Systemising your business can save you time, energy, money and stress and can lead to a more efficient business. Most business functions can be systemised or automated, from your operations functions to finance and HR.

For example, the induction process for new staff members and teams can be systemised by introducing an online interactive training pack. You can monitor what videos staff have and haven’t watched during their induction to determine their readiness for certain tasks.

Employee Engagement

All individuals are on a journey, and not all of them want to sit next to you in the director’s chair. They all have different levels of engagement and ultimately, you need to figure out where your team members want to be within your business.

While this is a complex task, identifying how involved and committed staff are can help you to determine the best routes to get the optimal engagement from your team. How you bring people into your business can set you up for future engagement. By recruiting slow and firing fast, you can make sure employees across all levels of the business are engaged and having their needs met.

Making Money

Balance Sheet Wealth

Measuring wealth requires goals and benchmarks that can be regularly reviewed. For example, it’s essential that your business can comfortably set aside an agreed salary to match replacement costs for a CEO and retain an agreed dividend amount to be used to invest, build wealth or reduce bad debt.

You must also calculate your business’s expenditure to create your net worth, and determine how long you can survive going forward without any income at all. Your job is to create wealth for your balance sheet, so investing a lot of time to get each detail right is important.

Margins

Your margin is everything in your business; it’s the money you make when you subtract your operating costs from your revenue. When setting prices, you can either create prices through a calculation mechanism, or by conducting market research. It’s important to review your margins every quarter to identify where you can improve and any issues that are occurring.

Conversions

It’s essential to measure the rate of conversion in your business and analyse how you process clients through the lead and opportunity to deliver a price that converts the sale. You can generate leads in several ways, including: pay-per-click; sales calls; LinkedIn; referrals; networking; and outbound marketing.

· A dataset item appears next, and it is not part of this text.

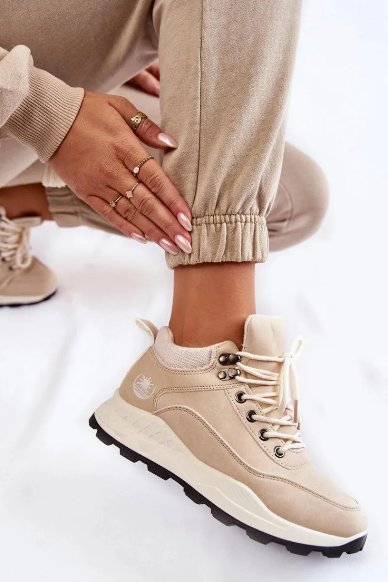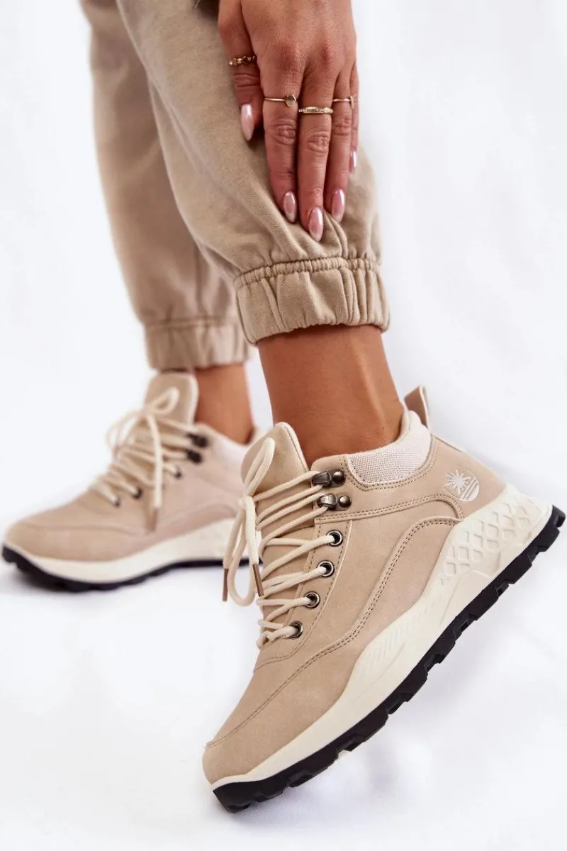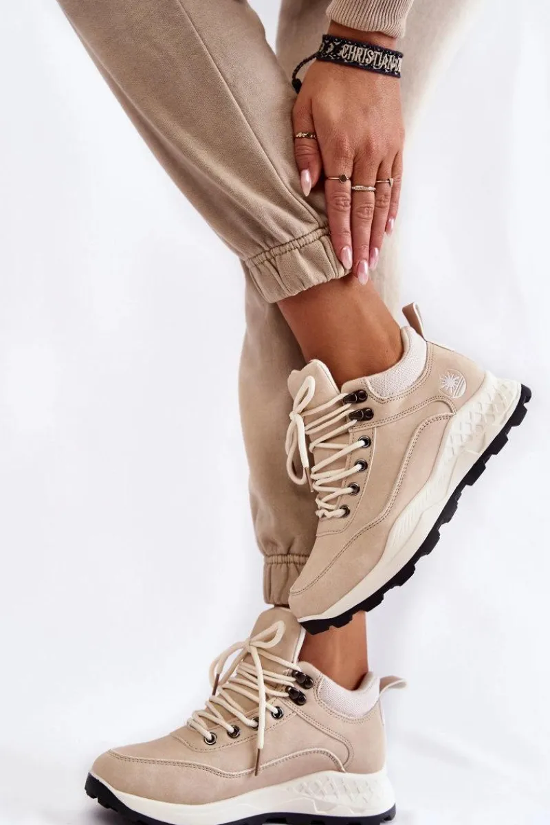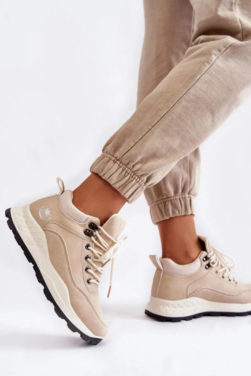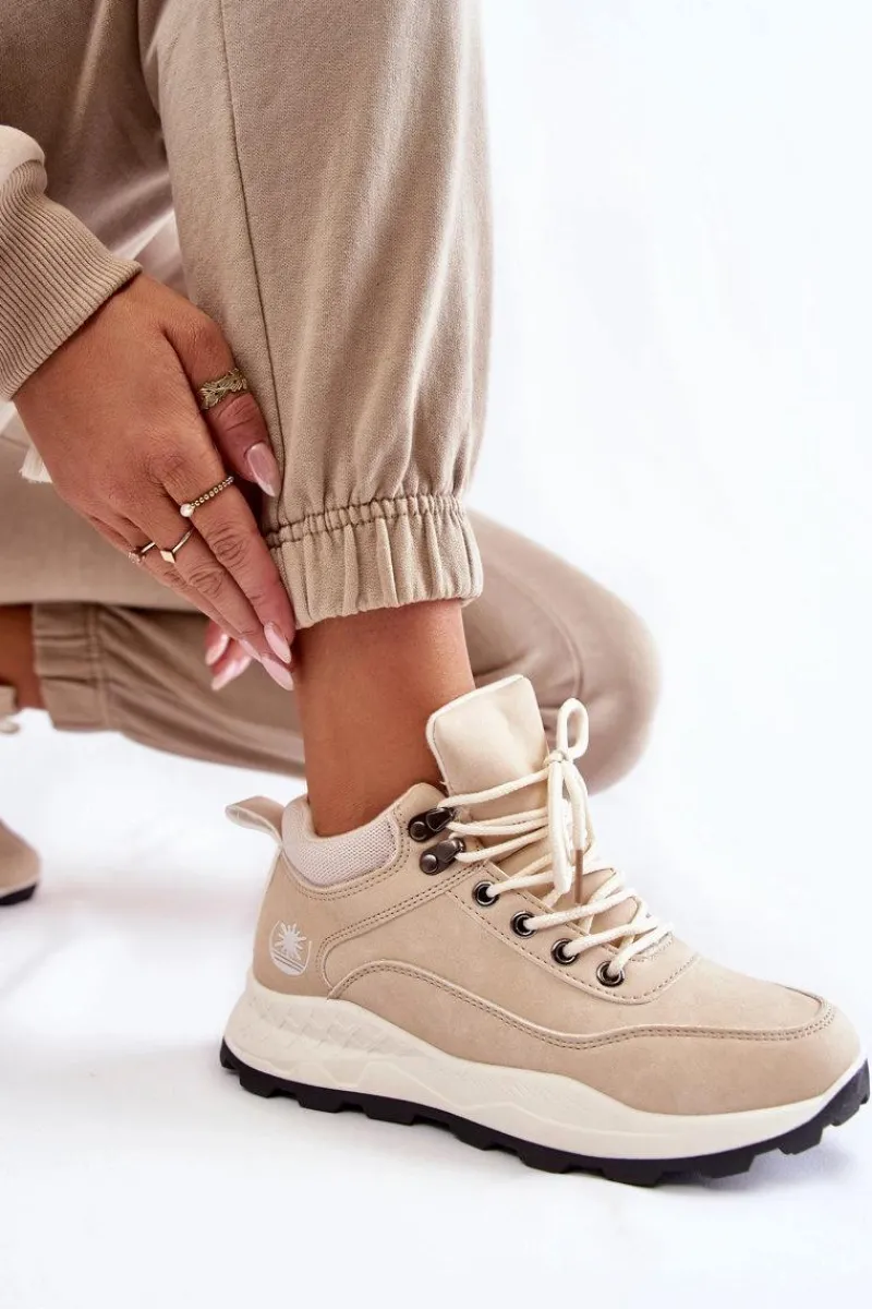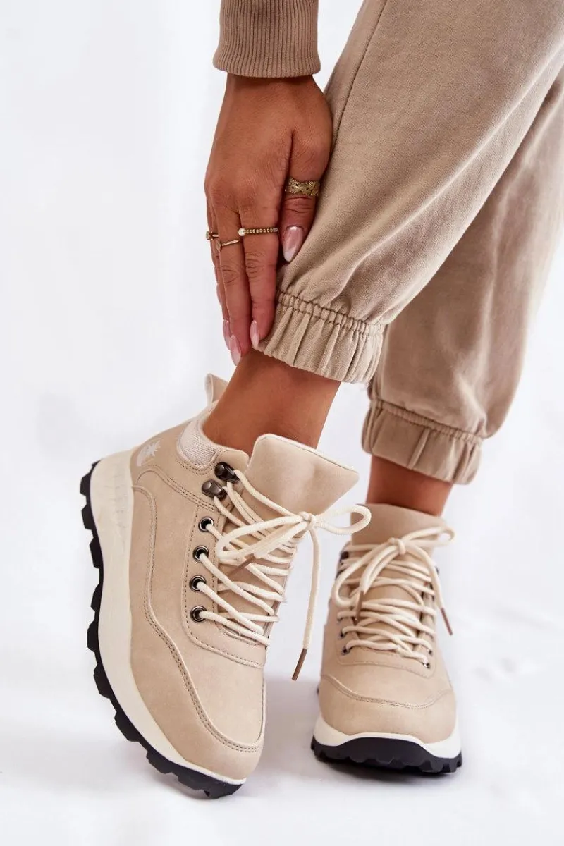 Wygodne buty trekkingowe świetnie sprawdzą się podczas jesienno-zimowych dni. Fason w stylu traperów. Wykonane z eko skóry. Buty te posiadają z boku ozdobne tłoczenie. Klasyczne sznurowanie zapewni odpowiednie dopasowanie do tęgości nogi. Trapery posiadają w środku ocieplenie w postaci futerka. Osadzone na platformie z podeszwą z bieżnikiem. Przy wyborze rozmiaru prosimy kierować tabelą rozmiarów.
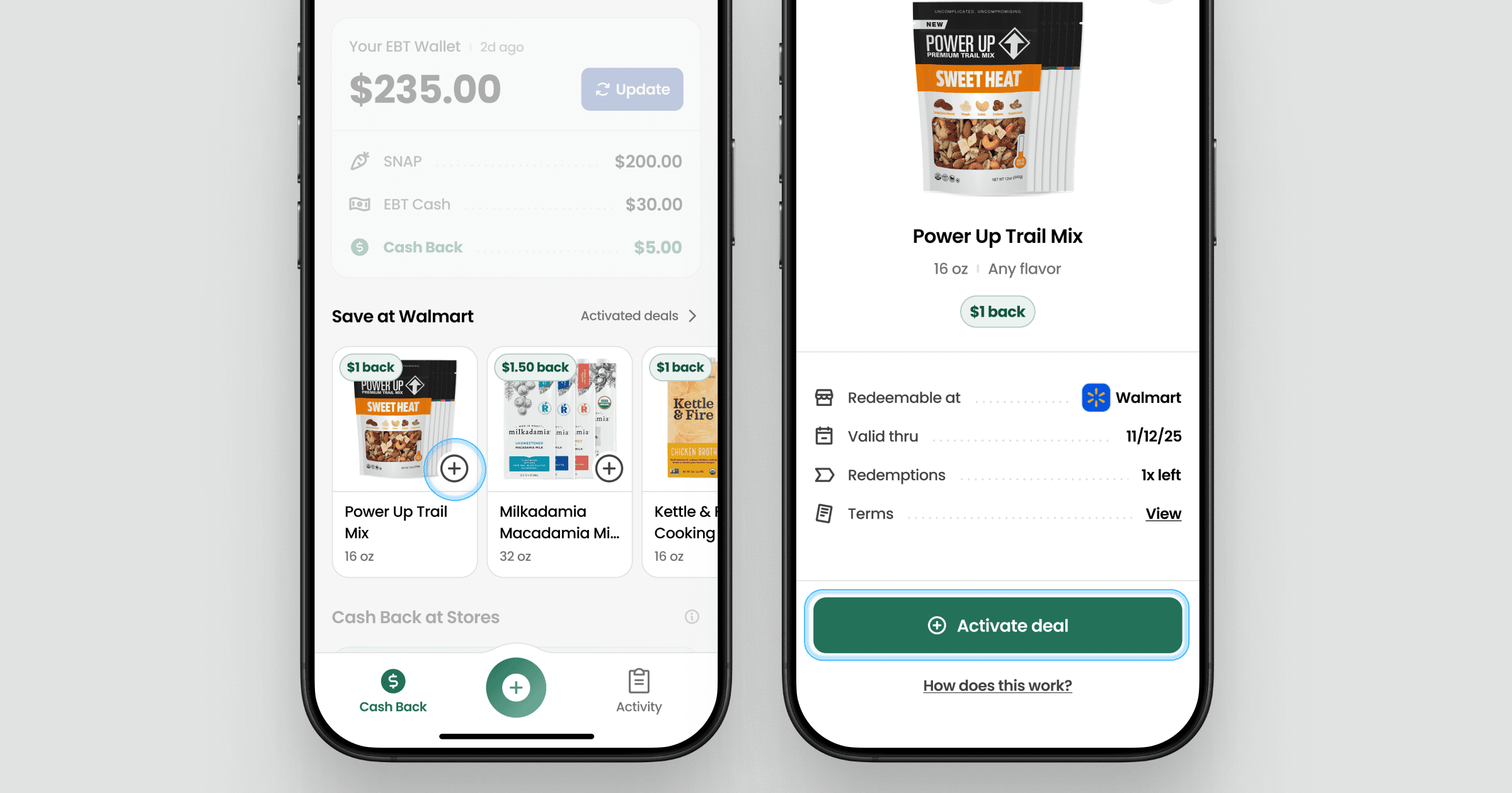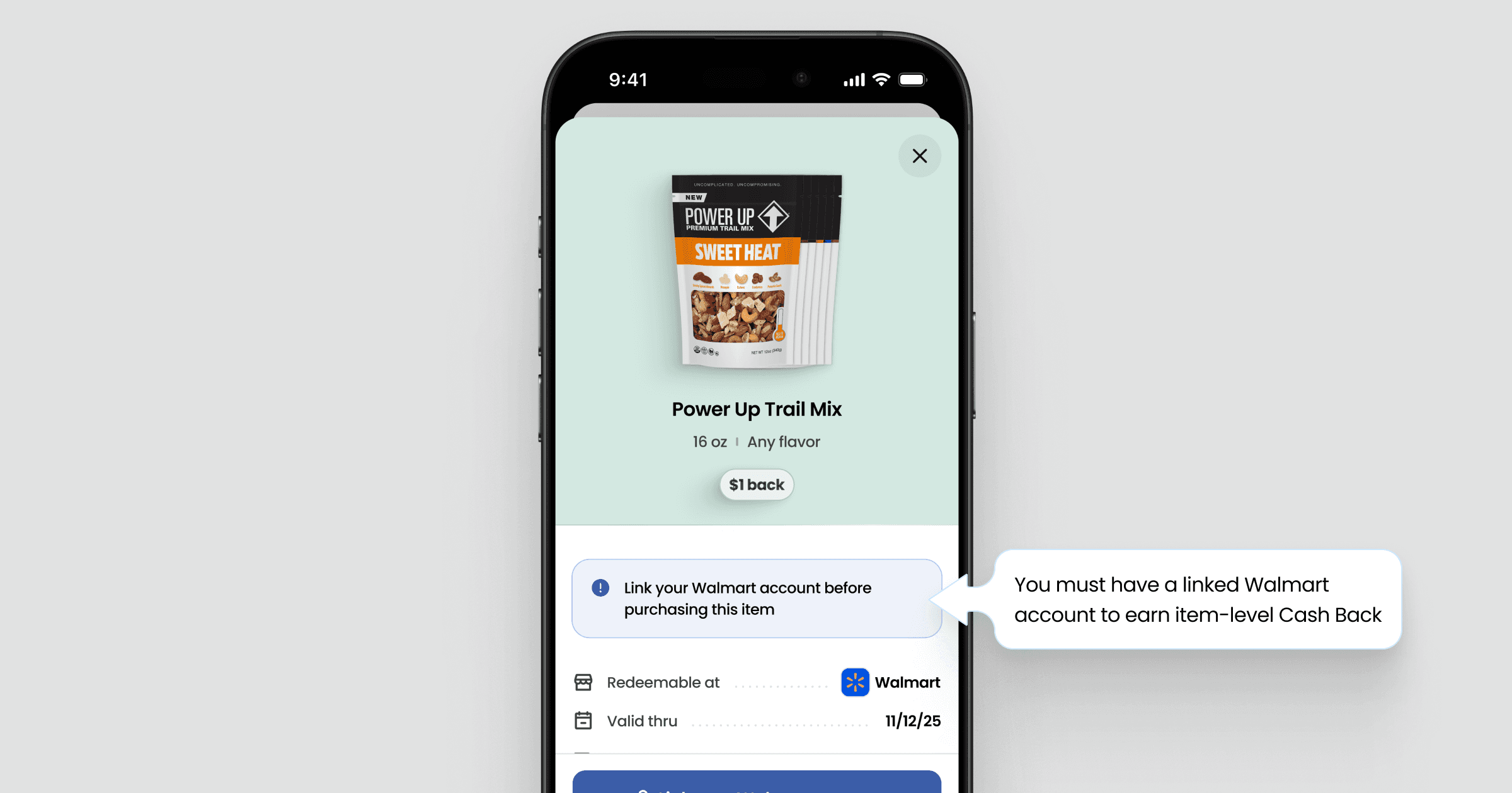 Item offers let you earn Cash Back on specific grocery products when you buy them at Walmart. Unlike store-wide Cash Back, item offers do not require you to pay with EBT.

Every time you achieve a lead, you have paid money to get them into your business. It’s important to map out the steps involved to determine how and when you lose opportunities. By designing your sales pathway from inquiry through sale, you can improve inefficiencies. If your business doesn’t have a strong sales process, you are completely at the mercy of your clients’ buying process, so it’s essential your business invests time to improve this area.

Long-term Strategies

Innovate or Stay

It’s important to identify the barriers to entry to your industry to determine how stable the industry is to new entrants or external factors. If it’s easy for someone else to copy your business model, you must make sure your offering remains unique. You should examine your business model to find out how easily it can be disrupted by technological advancements and understand whether you need to attack or defend your current marketplace. Your market will constantly evolve and change, as will your customers’ needs, so you need to recognise this and make sure you are adaptable and flexible enough to survive.

Legal Resources

You must organise your legal resources to be sustainable. This includes protecting your intellectual property; making sure your customer relationships are clearly defined and protected; and providing thorough contracts to staff that include exit clauses to prevent staff from stealing clients once they leave your business.

Exit Plan

As a business owner, there will come a time where you exit the business. SMBs are tough assignments so getting your exit plan right can be extremely rewarding. It’s important to determine the processes involved and the intergenerational handouts that may occur in your exit plan and then develop a timeframe to complete these activities. This will give you more confidence that your business can succeed without you in the driver’s seat.